D3 Page Template

Better Know a Justice

Supreme Court data is bigger than Justice Taft's bathtub

Supreme Court data is bigger than Justice Taft's bathtub

Note: This is a project post, so if you're not interested in learning how I did this, just scroll down and mouse over the viz 💁 (and then scroll back up and read this when you realize you need an explanation for what you're looking at).


The supreme court is a very complex and difficult to understand topic for anyone without a law degree, which is why this is an interesting topic for natural language processing.


The visualization below is the first iteration of an on-going project I am doing with 200 years of supreme court opinions (sample of 10k opinions for this project) I gathered from around the web. 




What am I looking at?   Every supreme court justice in the history of the court grouped by the similarity of their speech patterns. The size of each of their bubbles represents the uniqueness of their own speech. Hover over each bubble for more info!

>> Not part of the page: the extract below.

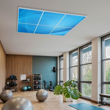 Entdecken Sie unsere vielseitigen Lichtdecken, hier in der Größe 186 x 124cm mit dem Motiv Motiv Blaues Licht - Ihre Beleuchtungslösung für jede Umgebung Beleuchten Sie Ihren Raum nicht nur, sondern schaffen Sie Atmosphäre! Die banjado Lichtdecke verwandelt jeden Ort, ob zu Hause, in Praxen, Büros oder Studios in eine Wohlfühloase. Unsere einzelnen Elemente haben eine genormte Einheitsgröße von 62 x 62cm und können somit in jede gängige Rasterdecken verbaut werden. So finden Sie Ihre passende Ausführung: Gern helfen wir Ihnen, die passende Ausführung zu wählen. Hierfür muss die aktuelle Gegebenheit Ihrer Decke oder Wand beachtet werden. Haben Sie bereits eine Rasterdecke (auch Odenwalddecke genannt)? Hier bestellen Sie lediglich das Motiv + Beleuchtungspanel, denn beides wird in die bereits vorhandene Decke eingelegt. Haben Sie eine glatte Decke mit Lichtauslass oder möchten die Lichtdecke an der Wand befestigen? Hier bestellen Sie bitte Motiv + Beleuchtungspanel + Deckenbefestigung, eine Aufbauanleitung liegt immer bei. Die Lichtdecke kann sowohl an der Decke als auch an der Wand montiert werden, perfekt für kreative Lichtakzente oder alternative Beleuchtungslösungen. Haben Sie bereits eine Lichtdecke und möchten nur das Motiv wechseln? Hier bestellen Sie bitte nur Motiv, der Wechsel ist denkbar einfach. Der Aufbau Ihrer banjado Lichtdecke gestaltet sich unkompliziert, dank einer verständlichen Anleitung, die Ihnen Schritt für Schritt durch den Montageprozess hilft. Für die endgültige Installation und den sicheren Anschluss empfehlen wir die Hinzuziehung eines Fachmanns, um die optimale Funktion und Sicherheit Ihrer Beleuchtung zu gewährleisten. Falls Sie einen Fachmann für die Installation benötigen, geben Sie uns gern Bescheid, wir vermitteln Ihnen gern einen geeigneten Ansprechpartner aus Ihrer Nähe. Steuerung: Steigern Sie Ihr Beleuchtungserlebnis mit der nahtlosen Integration in Ihr Smart Home. Durch die Kompatibilität mit der SmartLife App, Alexa und Google Assistant wird Ihr Smartphone zur zentralen Steuerungseinheit. Ihr Handy fungiert hierbei sozusagen als Fernbedienung. Legen Sie individuelle Lichtszenen in der App fest, die bei Aktivierung über den Wand-Ein-/Ausschalter immer wieder abgerufen werden können ohne Handy. Mit der Szenenfunktion in der Smart App können Sie die Beleuchtung personalisieren und steuern, sodass sie auf Ihre individuellen Bedürfnisse, Tagesrhythmus und Stimmung zugeschnitten ist. Beispielsweise können Sie sich in der Morgendämmerung durch ein sanftes Licht wecken lassen oder das Licht der Praxis werktags um 7 Uhr automatisch einschalten lassen. Dieses kann dann natürlich auch zu einer bestimmten Zeit automatisch ausgeschaltet werden. Motivwahl: Diese einzigartige Lichtdecke zeichnet sich durch ihre Fähigkeit aus, die Lichtfarbe je nach gewähltem Motiv anzupassen - ein Baum wirft ein sanftes grünes Licht, während eine Wolkendecke Ihren Raum in ein beruhigendes blaues Leuchten hüllt. Berücksichtigen Sie dies bitte bei Ihrer Motivauswahl. Sie können das Motiv jederzeit ohne großen Aufwand austauschen, ob nach Jahreszeit oder anderem Anlass, unsere Auswahl lässt kaum Wünsche offen. Wir fertigen Ihnen gern eine personalisierte Lichtdecke mit einem eigenen Motiv oder Logo oder Foto, schreiben Sie uns jederzeit an. Technische Daten: Das Motiv ist auf einer 4mm starken Acrylglas Scheibe aufgebracht, das Gesamtgewicht Ihrer Ausführung beträgt 29,6kg. Die Farbtemperatur lässt sich frei einstellen von 3000 bis 6000 Kelvin, damit können Sie stufenlos zwischen warmweiß, neutralweiß und kaltweiß wählen. Die Gesamtleistung bei Ihrer gewählten Ausführung beträgt 240W. Der Lichtstrom beträgt 3600 Lumen, die Nennspannung 230 V. Die Lichtdecke ist mit Schutzart IP20 für den Innenbereich konzipiert und sollte nicht im Nassbereich verwendet werden.

How did you do this?    For the data science part of this project, I used Term Frequency Inverse Document Frequency (t-FIDF), which means that unique words that each justice has in common with another justice are strongly up-weighted, while very common words that all justices say all the time are strongly down-weighted (for example, "habeas" holds more weight than "the"). After I vectorized the words, I performed K-means clustering (4 clusters was the optimum number based on several iterations) - the code for all of this is in various Jupyter Notebooks in this repo. The visualization was made with D3 - my code for this visualization can be found here.

Why did you do this?    For this iteration of the project, I wanted to get a sense of similarities in speech pattern as a predictor for what we could expect a nominee to be like once he's on the court. These clusters demonstrate that Garland is more similar to Chief Justice Roberts than everyone else on the court. 

What's next?   What isn't next?    There are so many things I want to do with this, both with data science and dataviz. Next I will be pulling in voting record and triangulate that with the text of each. After this, I plan to do a timeline of justices, associated news stories and text summarization for each opinion.